▶ TO DO
Would you please transcribe, exactly as written, the lines of the entries below starting at the one that holds "FEAR-NONE Gear's American" and ending at the one that holds "Charge your Airdopes", both included?

▶ DATA FOR PROCESSING
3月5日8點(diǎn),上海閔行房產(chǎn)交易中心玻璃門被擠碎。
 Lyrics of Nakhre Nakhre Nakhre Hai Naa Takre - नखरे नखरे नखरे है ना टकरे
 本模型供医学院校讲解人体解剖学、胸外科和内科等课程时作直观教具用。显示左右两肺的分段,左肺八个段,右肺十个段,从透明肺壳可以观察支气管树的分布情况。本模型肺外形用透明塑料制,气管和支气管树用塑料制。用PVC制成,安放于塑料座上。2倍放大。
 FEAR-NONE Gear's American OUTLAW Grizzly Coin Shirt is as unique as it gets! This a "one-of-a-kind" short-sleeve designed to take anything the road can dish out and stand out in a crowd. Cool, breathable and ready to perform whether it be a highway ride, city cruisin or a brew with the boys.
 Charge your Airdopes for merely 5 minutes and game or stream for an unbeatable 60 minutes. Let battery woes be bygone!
==
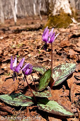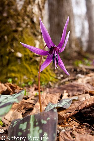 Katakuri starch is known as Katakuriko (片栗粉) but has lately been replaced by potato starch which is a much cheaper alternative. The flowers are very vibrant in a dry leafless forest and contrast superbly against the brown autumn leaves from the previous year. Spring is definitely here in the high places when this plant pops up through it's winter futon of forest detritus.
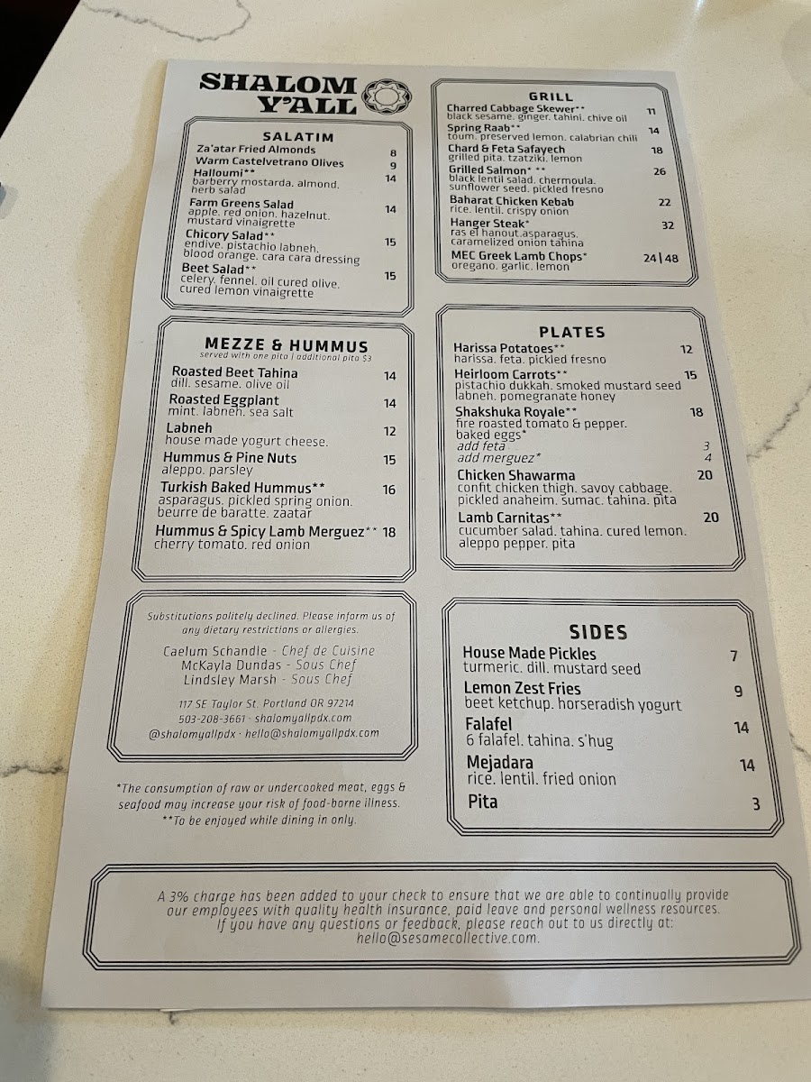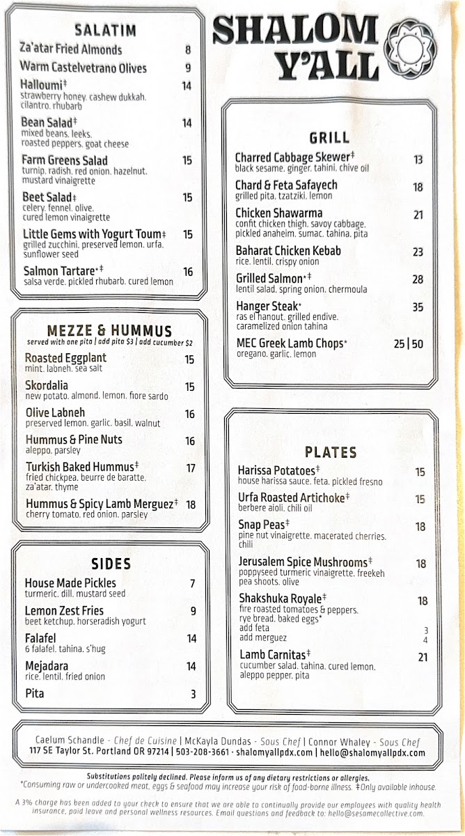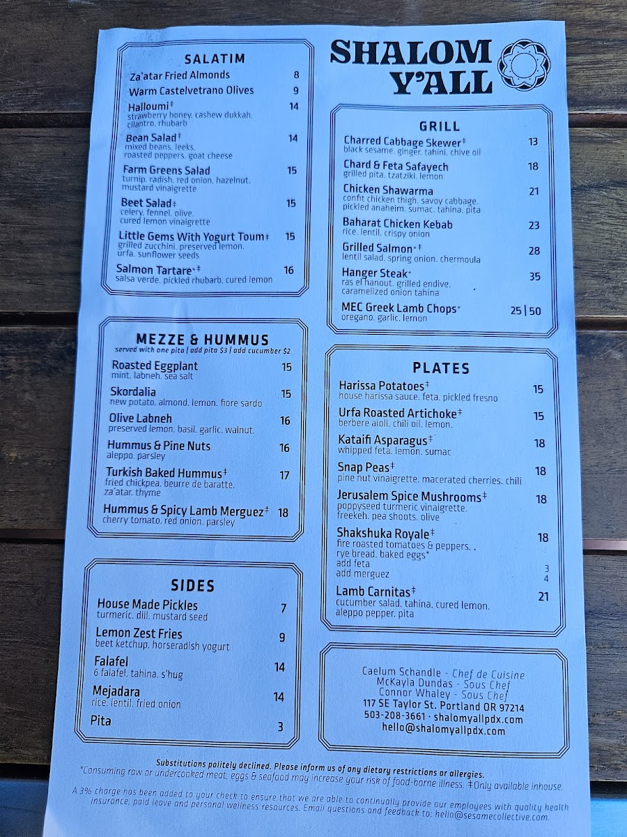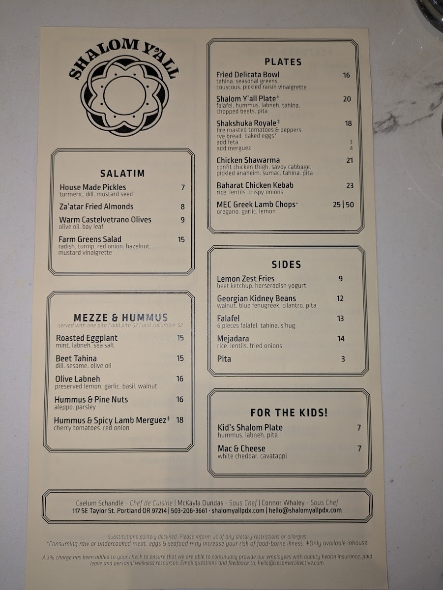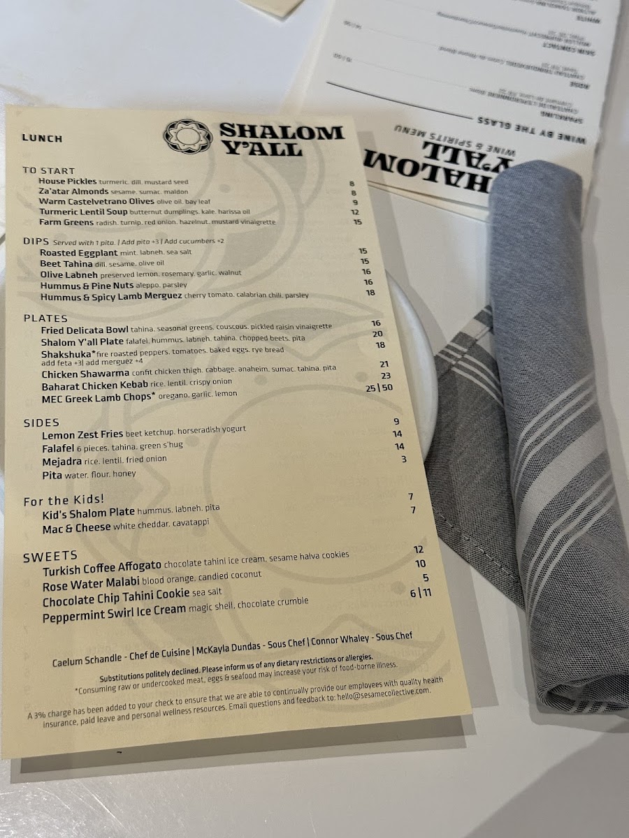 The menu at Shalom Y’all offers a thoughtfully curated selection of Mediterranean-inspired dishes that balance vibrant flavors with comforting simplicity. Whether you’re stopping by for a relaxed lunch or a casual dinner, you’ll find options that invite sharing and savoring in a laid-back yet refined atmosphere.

▶ TASK OUTPUT
 FEAR-NONE Gear's American OUTLAW Grizzly Coin Shirt is as unique as it gets! This a "one-of-a-kind" short-sleeve designed to take anything the road can dish out and stand out in a crowd. Cool, breathable and ready to perform whether it be a highway ride, city cruisin or a brew with the boys.
 Charge your Airdopes for merely 5 minutes and game or stream for an unbeatable 60 minutes. Let battery woes be bygone!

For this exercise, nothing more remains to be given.